报错信息:
Error polling for event status: failed to query event: CUDA_ERROR_ILLEGAL_INSTRUCTION: an illegal instruction was encountered
2022-03-24 23:32:13.170887: F tensorflow/core/common_runtime/gpu/gpu_event_mgr.cc:273] Unexpected Event status: 1
Situation description:
I have customized a loss function
def amp_loss(y_true, y_pred): #其实就是幅频特性的损失
#tf.squeeze先去掉axis=1的维度,因为Computes the 1-dimensional discrete Fourier transform of a real-valued signal over the inner-most dimension of input.
#tf.signal.rfft做DFT
#tf.math.abs求幅值
#tf.expand_dims还原原来的axis=1的维度
amplitude_true = tf.expand_dims(tf.math.abs( tf.signal.rfft(tf.squeeze(y_true))),-1)
amplitude_pred = tf.expand_dims(tf.math.abs( tf.signal.rfft(tf.squeeze(y_pred))),-1)
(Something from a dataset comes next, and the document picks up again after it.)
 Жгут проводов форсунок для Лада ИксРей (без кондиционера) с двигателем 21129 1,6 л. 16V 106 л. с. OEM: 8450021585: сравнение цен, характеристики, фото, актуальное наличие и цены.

amplitude_loss = tf.math.reduce_mean(tf.math.square(amplitude_true - amplitude_pred))
return amplitude_loss
The error is reported when model.fit, the consideration is that some arithmetic operations in the loss function are not supported by my cuda
1. Check if there is any problem with the cudnn version.
Like my notebook is tensorflow2.2 GPU version, cudnn seems to be 7.6.5
I try to run it in aws sagemaker studio lab.
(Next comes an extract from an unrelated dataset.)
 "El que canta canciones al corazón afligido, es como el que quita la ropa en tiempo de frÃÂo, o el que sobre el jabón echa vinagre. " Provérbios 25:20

The above is tensorflow-gpu 2.6.2 cudnn=8.2.1
2. Try to use the CPU to run and add
before import tensorflow as tf
import os
#用CPU跑
os.environ["CUDA_DEVICE_ORDER"] = "PCI_BUS_ID"
os.environ["CUDA_VISIBLE_DEVICES"] = "-1"
and try using
with tf.device('/cpu:0'):
Force the model to run on the CPU, and there is no problem in the actual measurement.